По крайней мере, это было живое дело.


Спринтер Лёшка, тот, наоборот,

с радостью согласился остаться,

и хотя в Главное управление на Орджоникидзе

его так и не позвали – не проявил себя,

то вернулся он после защиты диплома

в ставшее родным «Запуралкомплектооборудование»

подсиживать своего начальника Ананьина,

отработал там за столом все эти годы,

и если бы не «Одноклассники»,

они б со Степановым никогда и не нашлись.

Говорит, что всё у него хорошо.


А вот обезьянок почему-то до сих пор жалко.

Дипломник

Степанов написал пять дипломных работ.

Свою – в Перми на преддипломной практике,

остальные четыре сотворил от нечего делать

в комнате студенческого общежития,

куда вернулся в апреле восемьдесят шестого.

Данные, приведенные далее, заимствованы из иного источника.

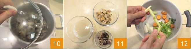 Cubre con una tapa 10, y cocina las almejas a fuego alto hasta que se abran por completo. También en este caso no necesitarán más de 5 minutos. Después de dejarlas enfriar un poco, procede a quitar las conchas de las almejas, teniendo cuidado de recoger y conservar también el líquido producido durante la cocción 11. Continúa con la otra preparación larga prevista para esta receta: el caldo de verduras. Coloca cebolla, apio, zanahoria y lemongrass en una olla 12.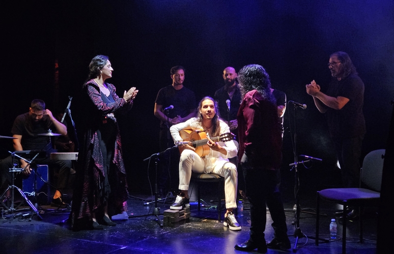 Por bulerías brillaron Kiki Cortiñas y Mari Ángeles, con buenas armonías y luciendo en sus distintas tesituras. Un Cortiñas que también lidió con un martinete donde más se notó el aditivo electrónico con un bombo contundente y también en los fandangos finales, después de recorrer también, con José a los mandos y con una muy emocionada Mari Ángeles, terrenos de tangos y rumbas a lo largo del concierto muy aplaudido desde el patio de butacas.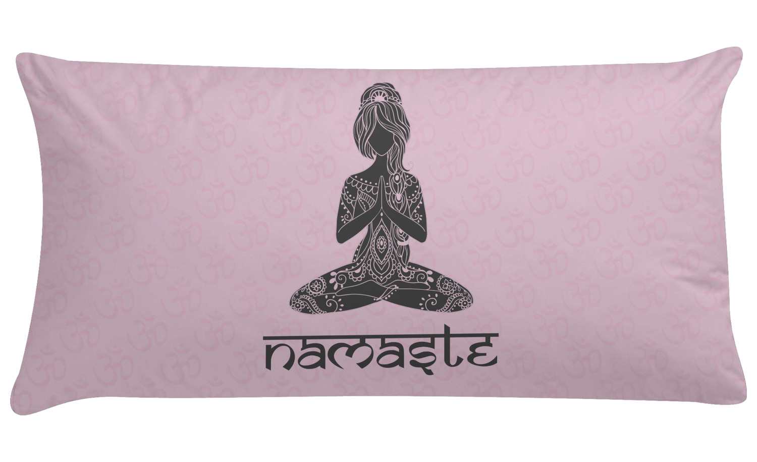This design is customizable. We chose to use the om background with two shades of pink. We have other yoga backgrounds that you can choose from. We chose the large graphic and text style, where the graphic is of a beautiful woman sitting in lotus pose with prayer hands in pink and dark grey. We have many different yoga graphics that you can choose from including the tree pose and meditation pose. We chose to use the word Namaste in the Sanskrit font. You can choose the personalization, the font and the colors.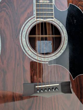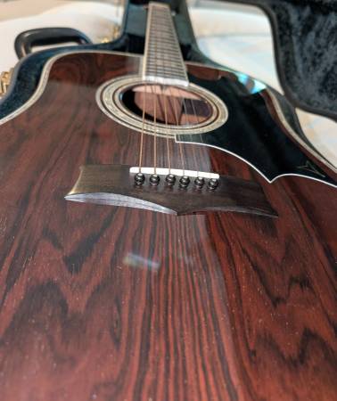 Heavily sought after stylish Yairi acoustic guitar. Barely used. TOP: Jacaranda BACK/SIDES: Jacaranda FINGERBOARD/BRIDGE: Ebony NECK: Mahogany NUT WIDTH: 42.0mm SCALE: 643mm CASE: Original Hardshell...

Поработать для безалаберных приятелей

в роли литнегра было легко и даже приятно —

до обеда Степанов вдохновенно ваял нечто

о заготконторе, вторсырье или о нефтебазе,

а после сытного обеда приятно ужинал —

и всё за счёт обделённых писучестью друзей.


Тему своего диплома выбирать долго не пришлось,

к нему сама подошла заместитель декана Саенко,

предложила написать диплом про новшества,

робко пробивавшиеся тогда в экономике.

Диплом в те времена писали шариковой ручкой,

вставляя текст в специальную рамочку —

для того, чтоб всё было ровно и красиво.


Никакой отсебятины не требовалось,

подтвердить веяние времени, только и всего.

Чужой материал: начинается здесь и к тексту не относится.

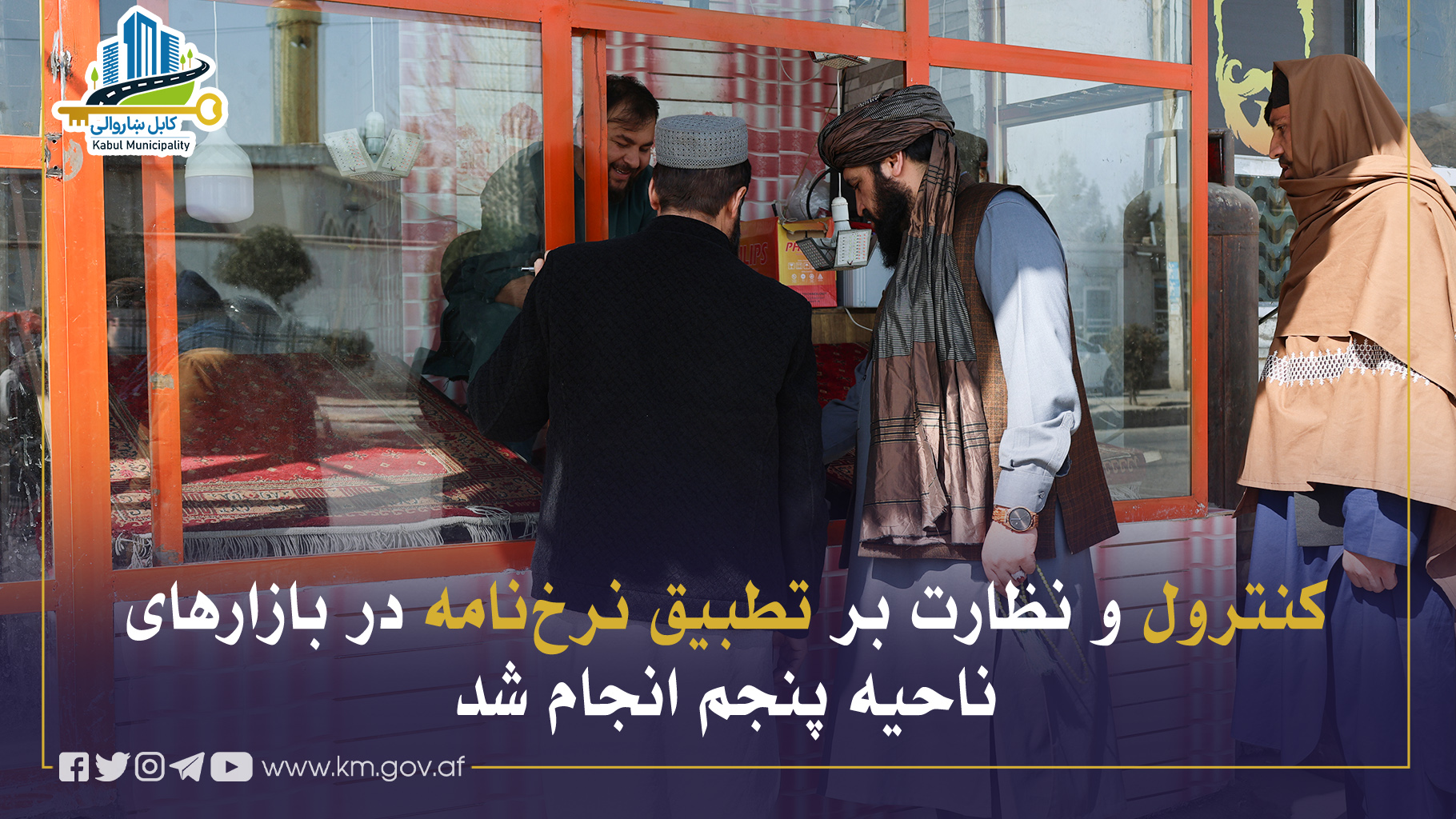 ریاست تنظیم مارکیتهای شاروالی کابل، بهمنظور تأمین ثبات قیمتها و جلوگیری از تخطی در فروش مواد اولیه، روند تطبیق نرخنامه شاروالی کابل را در بازارهای ناحیه پنجم بهصورت همهجانبه کنترول و نظارت نمود.

Потом оставалось дождаться очередного пленума,

вставить в текст парочку свежих цитат,

отнести диплом на рецензию указанному лицу,

дождаться его лихого росчерка,

сдать свой труд в деканат секретарю —

и вуаля, институт был практически закончен.


Так Степанов стал настоящим дипломником,

втайне то и дело радостно пробуя на вкус

это долгожданное и удивительное слово,

открывавшее наконец-то двери в светлое будущее.

Вот только зря строил он свои грандиозные планы…


В конце апреля Степанов отпросился в деканате

от участия в городской демонстрации

под каким-то благовидным предлогом,

чтобы увезти будущую жену свою в Амурск

для серьёзного знакомства с родителями.


Поскольку Степанов относился к жизни

почему-то всегда крайне ответственно,

то решил жениться сразу – зачем оттягивать?


Распределение на работу после диплома

будило фантазию обилием предложений —

Степанову прочили аспирантуру,

предлагали остаться на кафедре и на практике,

звали в Советскую Армию начфином,

вербовали на Томский почтовый ящик —

словом, планов у него имелось громадьё,

оставалось сделать правильный ход,

шагнуть вперёд на полную пятку.


Майские денёчки пролетели, как один день.

Счастливый Степанов примчался на учёбу,

полный надежд и радужных планов,

но был немедленно вызван в деканат —

ректор намеревался отчислить его за пьянку.


Восемьдесят шестой год стал страшным,

поломавшим немало судеб и карьер.

«Трезвость – норма жизни!» —

провозгласил чрезмерно болтливый генсек,

в стране началась антиалкогольная кампания,

бессмысленная и беспощадная.


Ничего не понимая в случившемся,

Степанов ринулся к ректору на приём,

тот сделал вид, что они незнакомы,

однако увидал билеты на поезд,

вывел Степанова в коридор и шепнул:

– У тебя есть сутки. Решай. А иначе…


Степанов примчался в общежитие,

приятели встретили его каменными лицами.

Что-то произошло в отсутствие Степанова, но что?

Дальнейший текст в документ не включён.